R: We appreciate your consideration and have verified that the image quality needed adjustment, so we created a new image to make it more interesting.

2) The discussions and results  in this paper are simply too inadequate. There is much to discuss but it is not. For example, the paper says there are three groups in the phylogenetic tree but it fails to discuss further or give more description of the three groups. What are the viruses in each group? What are the differences? How close are they to previous variants? 

R: Thank you for your considerations, based on the questions, include more information and a better description of the samples.

3) No discussion on why they are virulent or not virulent. Infectivity. 

R: Although our focus is not on whether or not the virulence of the virus increases, but rather on the changes that may alter recognition in relation to vaccine action, we have included in the text a brief discussion on NSP6 and its relationship with the increased virulence of SARS-CoV-2.

4) Where are the mutations? What are they doing in terms of binding? Where is it binding? Where it is not? Is there literature on it?

R: We have provided a new description of the mutations, making them clearer, for example, in Table 01. We have also included information about NSP6 and the virulence of SARS-CoV-2 based on our findings and what is described in the literature.
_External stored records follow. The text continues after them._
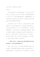 在全市防汛抗旱工作电视电话会议上的讲话商丘市市长张建慧(2020年5月10日,根据录音整理)同志们:刚才,我们一起收听收看了全省防汛抗旱工作电视电话会议,我们接着召开全市防汛抗旱工作电视电话会议,主要任务是贯彻落实省电视电话会议精神,安排部署我市防汛抗旱工作。下面,我再讲以下三点意见。一、履职尽责,确保安全一是要始终坚持把人民的生命财产安全放在第一位工作理念,切实履职尽责。当前,新冠肺炎疫情尚未完全结束,我们已经进入了汛期。大疫之年常有大灾。在疫情防控常态化条件下,在气候出现异常和极端天气较多的情况下,做好防汛抗旱工作、确保防汛抗旱安全,对于保障人民生命财产安全、促进经济社会发展具有重大意义。...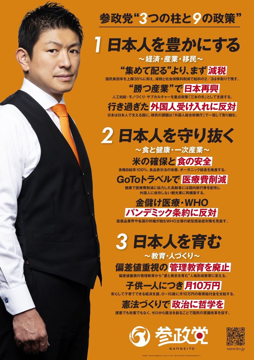 行くぜ!参政党! 神谷宗幣を中心に!国士だけが集結した!奇跡の政党! 疲弊した日本🇯🇵を立て直す事が出来るのでは参政党しかない!参政党を与党に!これが 日本の合言葉だ! #参政党を大きくしよう pic.x.com/jn8r4Hm40r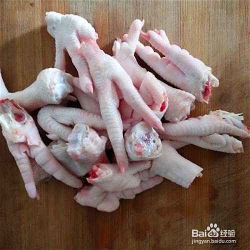 2、锅中倒入凉水,放入鸡爪,调入料酒,焯水两分钟,捞出来,沥掉水分。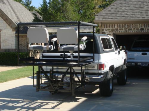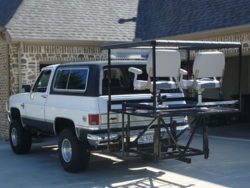1985 K5 Blazer w/ 350 four bolt main, four barrell carb, 7,000 miles on completely rebuilt engine, 4" lift, 33" new tires with spare, rancho shocks, Soft Top & Hard Top, rear air bag shocks, quail hunting high rack w/ gun rack and ammo box included. New radiator, steering column, exhuast, air conditioner, new seats and upholstery and much more. Have records of all work done. Body is straight with no rust, garage kept. Only serious inquiries please. I have much more invested in this vehicle than I'm asking. Runs great for everyday use or would make an excellent ranch / hunting / weekend vehicle. Call Randy with any questions, (512) 633-0031. ** The hunting rack was designed and built to remove easily and is not kept on the the vehicle. I would be glad to provide any more pictures to interested parties.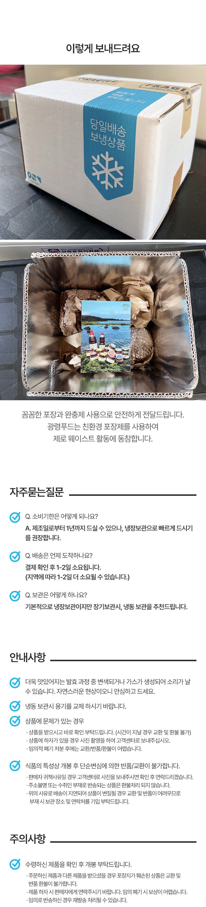 - 단순 변심, 개인적인 입맛 차이, 보관 부주의등 구매자 귀책 사유는 교환·반품 대상에 해당하지 않습니다.
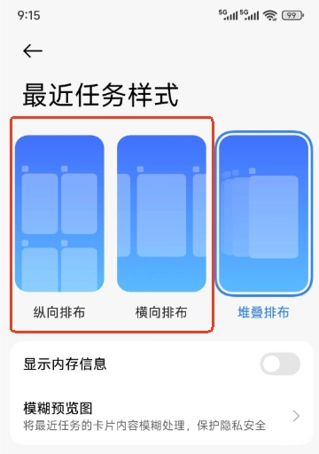 3、可随时进入「最近任务样式」界面,自由切换堆叠式与传统式后台,更改后即时生效,无需重启设备。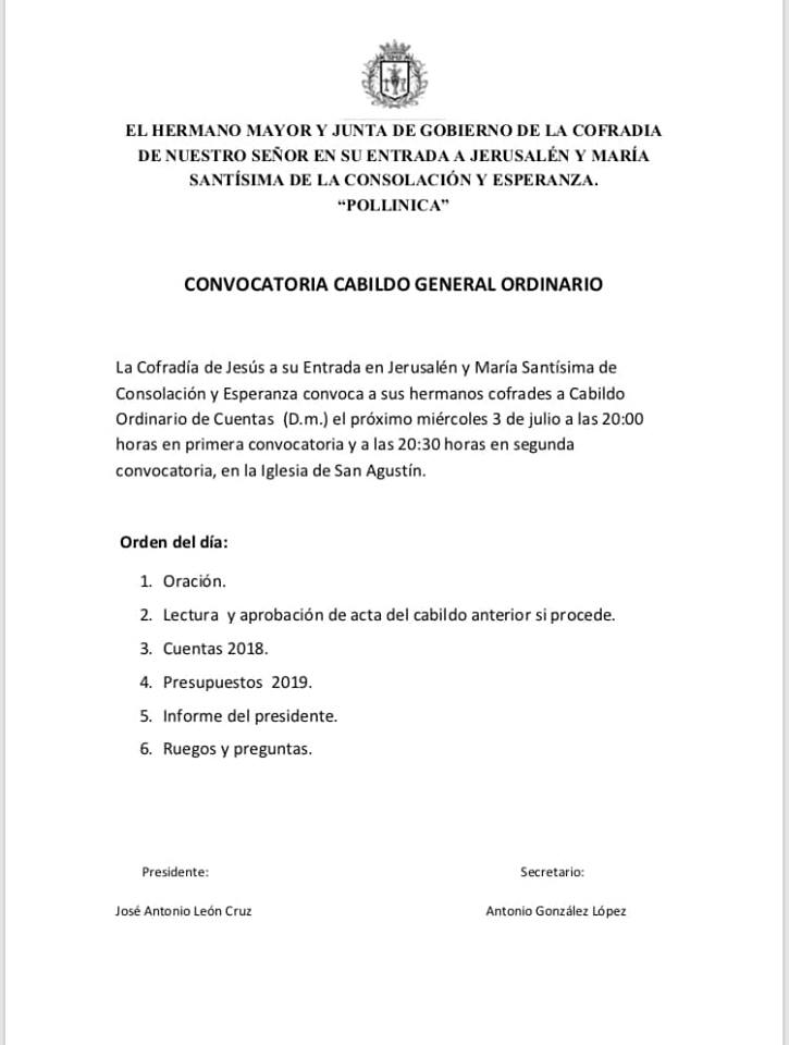 La Cofradía de Jesús a su Entrada en Jerusalén y María Santísima de Consolación y Esperanza de Antequera convoca a sus hermanos a Cabildo Ordinario de Cuentas el próximo miércoles 3 de julio a las 20.00 horas en primera convocatoria y a las 20.30 horas en segunda, en la iglesia de San Agustín.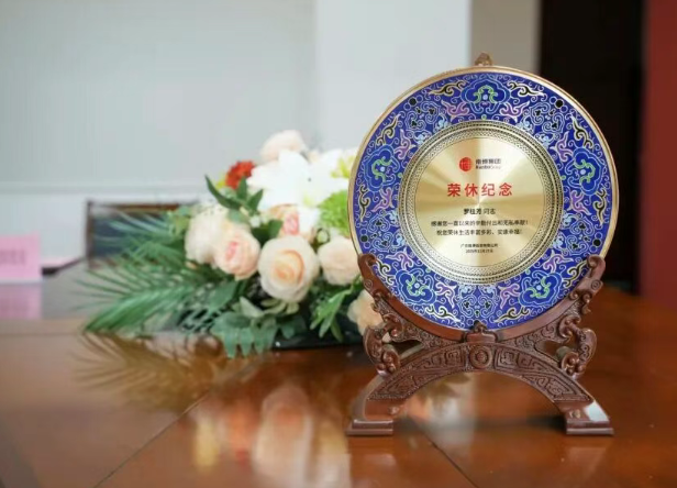 集团总裁胡春芳,董事长助理周二勇、贺娥花、刘志扬代表集团向罗桂芳总工程师二十多年来的辛勤付出表达诚挚感谢与崇高敬意。作为集团发展历程中的重要建设者与奉献者,罗桂芳总工程师从学院管理到物业筹建,从企业运营到基建统筹,他始终秉承“干一行、爱一行、钻一行”的执着精神,践行了“爱岗敬业,企业利益至高至上”的操守。集团永远是退休职工的家和坚强后盾,欢迎罗桂芳总工程师常回家看看,继续为集团发展建言献策。

5) I am not sure what they have shown or what is the significance of their results. They must show this and they have not shown  this.

R: We believe that the changes suggested in our manuscript make our real intention clearer and we are aware that our data can help in better understanding NSP6 and its functions and relationships mainly with the transmission of SARS-CoV-2.

Round 2

Reviewer 2 Report

Comments and Suggestions for Authors

1)I don't agree with the sentence on line 31. It is wrong. The envelope is NOT "derived" from S..etc. It includes or is made up of of S...etc.

 2) It is very awkward to have a paragraph with 1-2 sentences such as line 54.

3)Figure 5 is still impossible to read even when you try to enlarge the paper. I would advise the figure be broken into 4 separate parts. The main part containing only the 3 main branch while  each of the 3 other parts  containing one of the 3 main branches. Please make sure that the figure(s) presented is readable. Otherwise, the paper is simply not publishable.

4) Flexibility or disorder in a protein may mean that the protein can recognise tis binding partners more efficiently:

https://pubmed.ncbi.nlm.nih.gov/10550212/

 

Author Response

1)I don't agree with the sentence on line 31. It is wrong. The envelope is NOT "derived" from S..etc. It includes or is made up of of S...etc.

We corrected the sentence

 2) It is very awkward to have a paragraph with 1-2 sentences such as line 54.

We corrected the sentence

3)Figure 5 is still impossible to read even when you try to enlarge the paper. I would advise the figure be broken into 4 separate parts. The main part containing only the 3 main branch while  each of the 3 other parts  containing one of the 3 main branches. Please make sure that the figure(s) presented is readable. Otherwise, the paper is simply not publishable.

We appreciate the information and have decided to remove the figure.

4) Flexibility or disorder in a protein may mean that the protein can recognise tis binding partners more efficiently:

https://pubmed.ncbi.nlm.nih.gov/10550212/

We have inserted new information

Round 3

Reviewer 2 Report

Comments and Suggestions for Authors

Figure 3 is missing even though the legend is there. There should also be further descriptions of the figure in the legend

Author Response

Dear all,

We appreciate the opportunity and would like to point out that we have adjusted the request:

The caption that mentions figure 03, which no longer exists in the manuscript, has been removed.

Author Response File: Author Response.docx

Round 4

Reviewer 2 Report

Comments and Suggestions for Authors

Improvements seen.

Author Response

We appreciate the opportunity and have corrected the requested subtitles.